Montgomery is going through a noticeable transformation. Last year, the Equal Justice Initiative opened the National Memorial for Peace and Justice and the Legacy Museum in downtown Montgomery to honor victims of lynching. The memorial is adjacent to the slave market site in Montgomery. It has brought several hundred thousand visitors here, many who wouldn't have visited the Deep South otherwise. 

There are outside investors building downtown hotels for those visitors, and a new whitewater park and outdoor center is planned near downtown. The multimillion-dollar investment is in a near west side neighborhood inhabited predominantly by black families.
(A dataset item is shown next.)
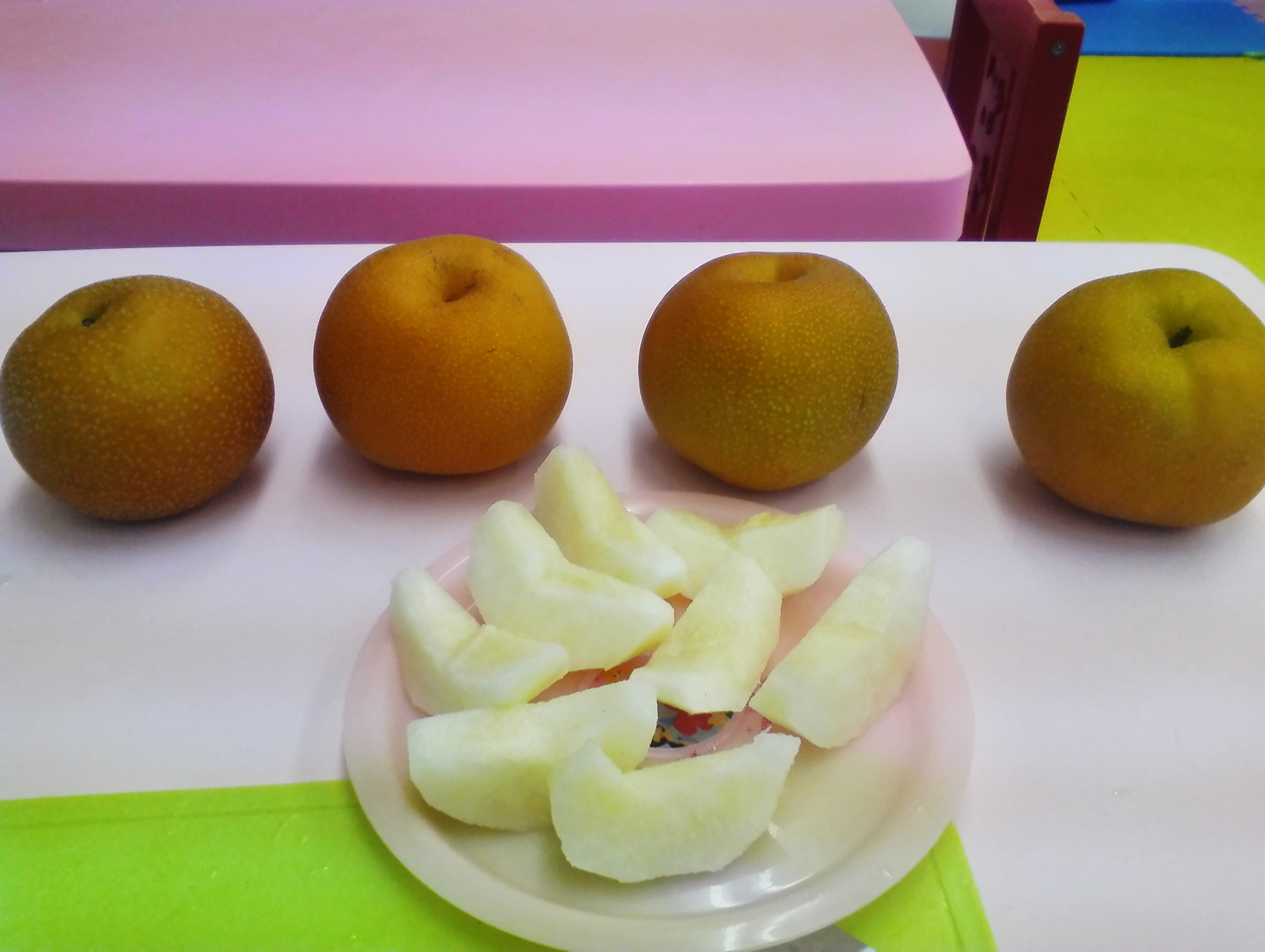 笑顔のパパさんママさんさんが『今、梨狩りに行ってきたんです。これ皆さんでどうぞ!』と、取れたてフレッシュ梨を頂きました!

It's one of the poorest areas, in need of development but often overlooked. 

Before the election results were announced, Bailey predicted the voters would show Montgomery's progress since those days of racial terror. Reed’s election is the latest example of the city reconciling its past and planning for a better future.

Now, it's the future that Reed must lead the city into. 

Big changes are coming for Montgomery with the election of Reed and new members on the City Council. The last three mayors held office for at least a decade. Mayor Todd Strange did not seek re-election.

Reed said he wants to invest in public transportation and address the issue of brown water and food deserts in some of Montgomery's communities. He talked about elevating the economy by being more receptive and supportive of young talent and making the off pace city more competitive. He mentioned working with real estate developers so artists can receive discounted rent for work spaces.

He said he was open to an ad valorem tax that would increase the millage rate for public education funds. He's repeatedly mentioned a full day, universal pre-K program. The program would guarantee children a spot regardless of their family's income as early childhood education can be expensive for low-income families. 

Reed will be charged with overseeing the city's $260 million budget that was adopted Sept. 17. He'll deal with continued pressure on the internal service fund used to pay employee medical, dental and retirement benefits. Another issue he will take on is finding funds for salary increases for public safety employees to recruit, retain and address the issue of crime in the city.